The adult mouse subependymal zone provides a niche for mammalian neural stem cells (NSCs). However, the molecular signature, self-renewal potential, and fate behavior of NSCs remain poorly defined. Here we propose a model in which the fate of active NSCs is coupled to the total number of neighboring NSCs in a shared niche. Using knock-in reporter alleles and single-cell RNA sequencing, we show that the Wnt target Tnfrsf19/Troy identifies both active and quiescent NSCs. Quantitative analysis of genetic lineage tracing of individual NSCs under homeostasis or in response to injury reveals rapid expansion of stem-cell number before some return to quiescence. This behavior is best explained by stochastic fate decisions, where stem-cell number within a shared niche fluctuates over time. Fate mapping proliferating cells using a Ki67^iresCreER allele confirms that active NSCs reversibly return to quiescence, achieving long-term self-renewal. Our findings suggest a niche-based mechanism for the regulation of NSC fate and number.

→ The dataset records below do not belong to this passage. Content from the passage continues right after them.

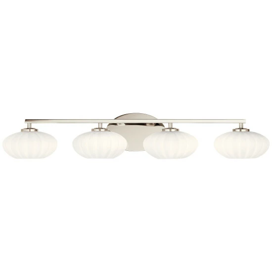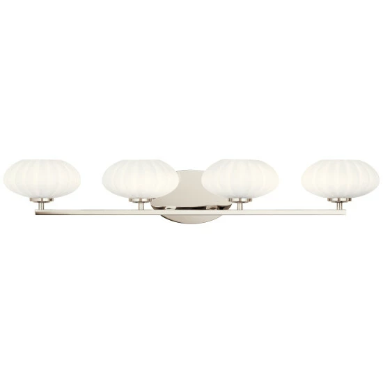- 34″, four light vanity light with Polished Nickel finish and satin etched cased opal glass.
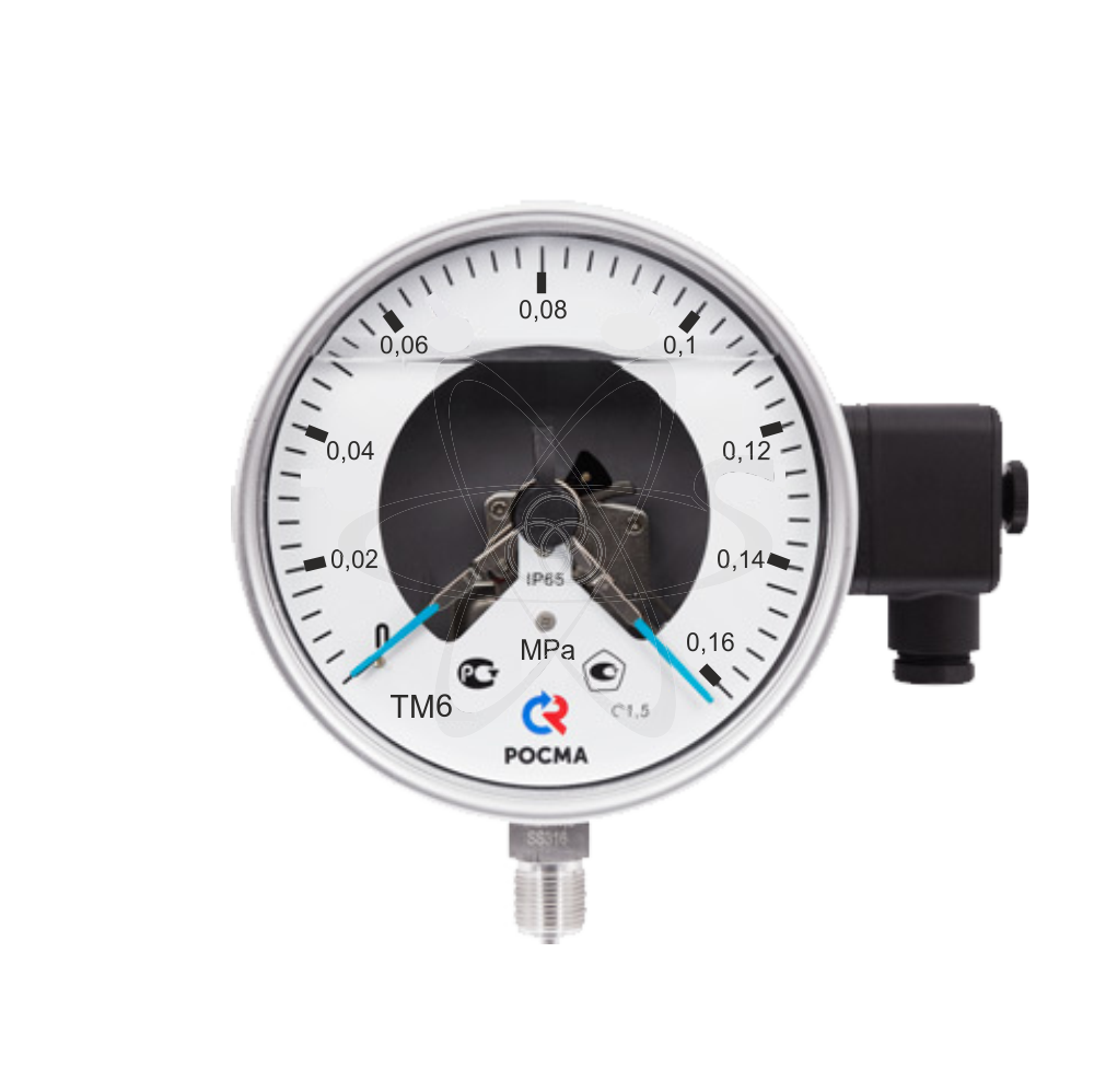 Манометр с электроконтактной приставкой предназначен для управления внешними электрическими цепями в схемах сигнализации, автоматики и блокировки технологических процессов. Электроконтактная приставка может устанавливаться на манометры или мановакуумметры диаметром 100 и 150 мм и классом точности 1,5. Область применения: теплоснабжение, водоснабжение, вентиляция, машиностроение. Манометр с электроконтактной приставкой, более известный как электроконтактный манометр или ЭКМ, предназначен для коммутации электрических цепей в зависимости от величины измеряемого давления. ЭКМ работает следующим образом: электроконтактная группа и стрелка прибора механически связаны и при переходе стрелки за значение уставки (пороговое значение) происходит замыкание или размыкание электрической цепи. ЭКМ производства ЗАО «Росма» изготавливаются на базе общетехнических манометров ТМ-510 и ТМ-610 с диаметрами корпусов 100 мм и 150 мм соответственно. После установки электроконтактной приставки манометр технический становится полноценным ЭКМ.
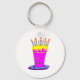Una torta gigante de cumpleaños con helados rosados y amarillos, hielo goteando y velas azules brillantes.
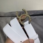 Home Belt CHANEL Belt Chanel gold double C diamond studded buckle with white belt, simple and elegant, low-key and luxurious
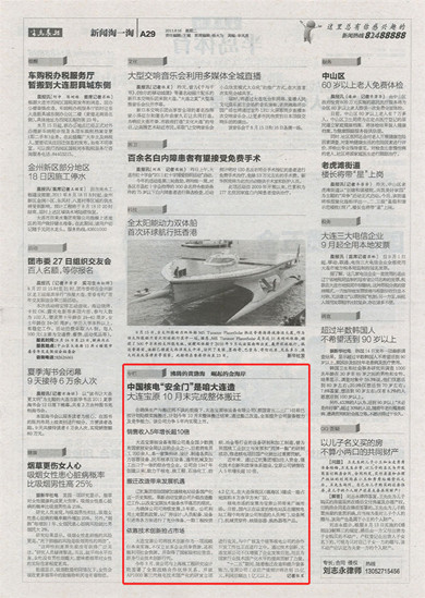 半岛晨报在2011年8月16日A29版中,以“中国核电‘清静门’是咱大连造--大连宝原10月末完成整体搬家”为问题报道了大连宝原核装备有限公司相关情形。原文转载如下:
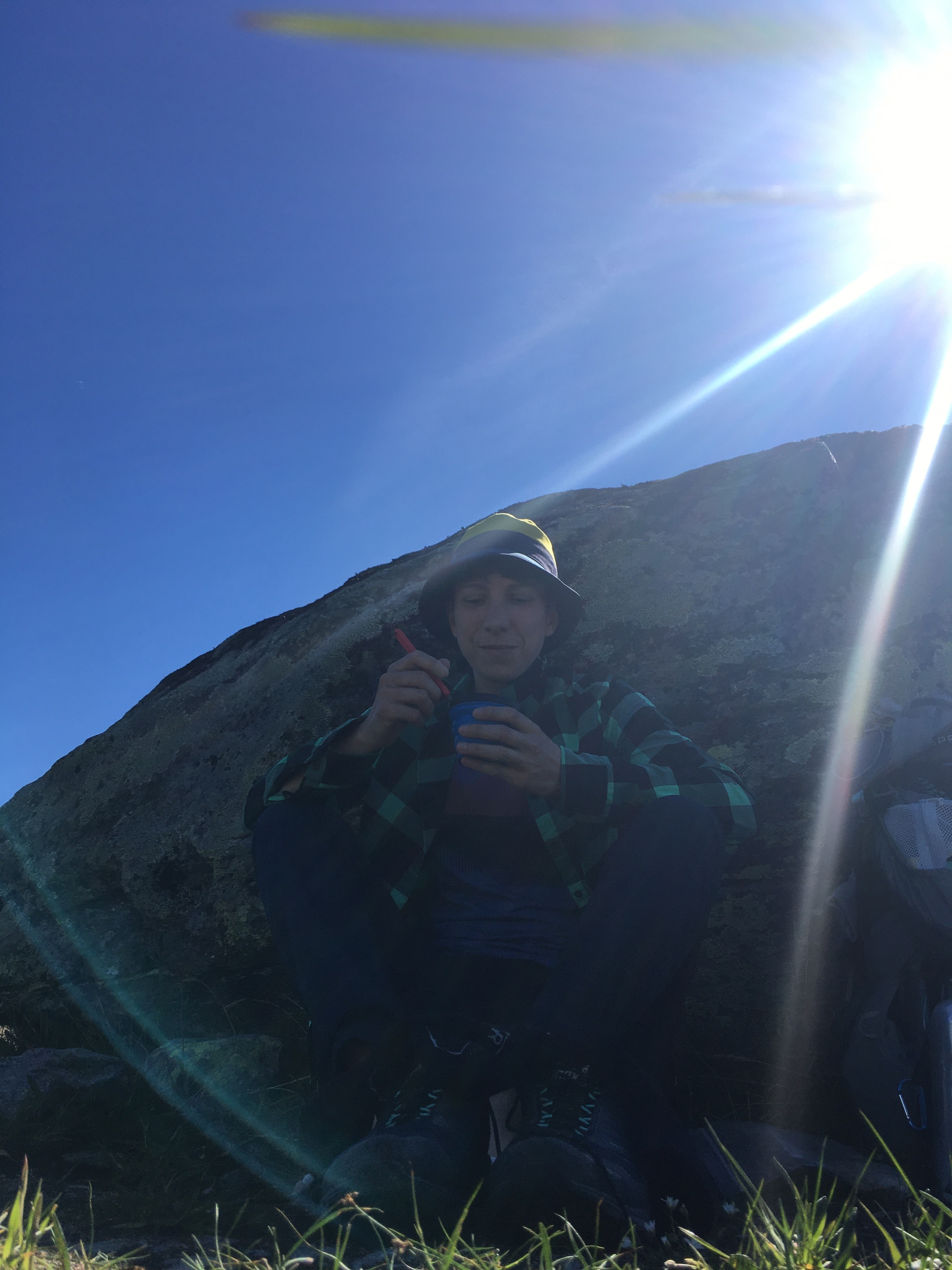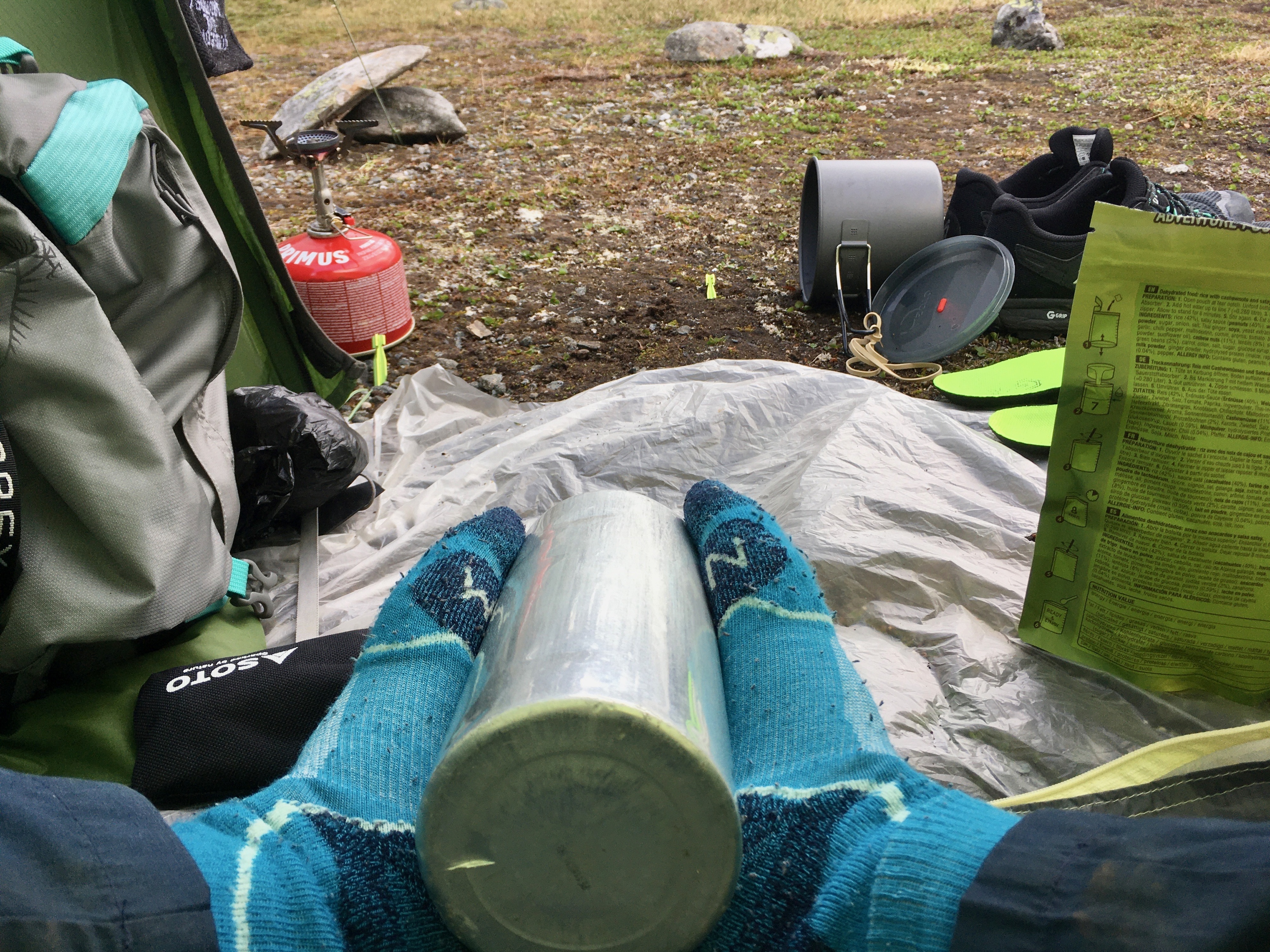 Ich schlief so dermassen gut. Ich und Schlafen im Zelt, das war bis zu diesem Urlaub eigentlich immer mehr so ein notwendiges Übel. Aber vielleicht war es einfach der Umstand, dass es nicht dunkel wurde. Oder das Rauschen der verschiedenen Flüsse neben denen ich schlief. Um 4 Uhr begann es zu regnen, aber nicht so schlimm und bis ich aufstand, war das Zelt schon fast trocken und ich freute mich auf den heutigen Tag. (Wenn nur meine Schultern, Füsse und Hüften bald aufhörten weh zu tun. Ich musste noch mehr von meinem schweren Lakritz-Vorrat essen…)

Keywords: cellular dynamics; ki67; modeling; neural stem cells; single-cell sequencing.

Fig. 1.

Troy^GFP population displays NSC characteristics. (A) Schematic representation of the adult SEZ niche. b.v., blood vessels; E, ependymal cells; TA, transient amplifying cell. (B) Endogenous GFP (green) expression in the adult Troy^GFP mouse brain. Blue: DAPI. (C–H) Characterization of the Troy^GFP population using confocal assisted immunohistochemistry. Troy^GFP cells include SOX2+ (C) and GFAP+ (D) progenitors but not DCX+ NBs (E) or S100β+ E cells (F). Some Troy^GFP cells are actively cycling (KI67+, G). (H) Quantification of the results in C–G. (I) FACS-sorted GFP+ cells were assayed for their neurosphere-forming potential. (J) Individual Troy^GFP-high-derived spheres (40/40 spheres, five animals) could be expanded over at least 10 passages and displayed multipotency generating β3-tubulin+ neurons (red, Left), GFAP+ astrocytes (green, Left), and CNPase+ (red, Right) Olig2+ (green, Right) oligodendrocytes upon differentiation. (K) Lineage tracing using Troy^GFPiresCreER Rosa^LacZ mice. X-Gal staining of coronal sections of brains isolated 2 d (Lower Left) or 1 y (Lower Right) after 5 d of Tmx administration (1 × 5 mg each day). Error bars show SD. (Scale bars: B, 1 mm; C and G, 10 μm; D and F, 20 μm; E, 100 μm; J, 100 μm.)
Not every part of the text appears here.